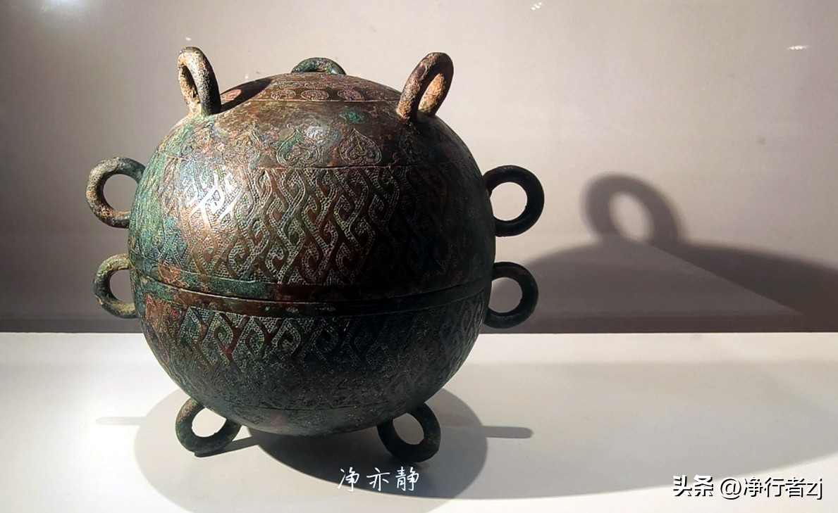 这尊春秋战国时期的青铜敦,器身呈球形,配有环耳,表面装饰几何纹,工艺精湛,体现了当时青铜铸造与纹饰设计的高超水平。
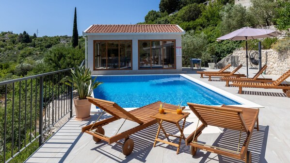 Huvila, jossa on yksityinen uima-allas ja keittiö
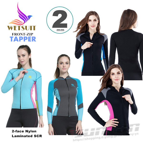 ウェットスーツ タッパー レディース 2mm サーフィン フロントジップ ネオプレーン ダイビング マリンスポーツ

--- EXERCISE AIM ---
What is needed is a verbatim copy of the lines from the line with "Huvila, jossa on" through the last line of the listing, pictures excluded.

--- SOLUTION TO THE PROBLEM ---
 Huvila, jossa on yksityinen uima-allas ja keittiö
 ウェットスーツ タッパー レディース 2mm サーフィン フロントジップ ネオプレーン ダイビング マリンスポーツ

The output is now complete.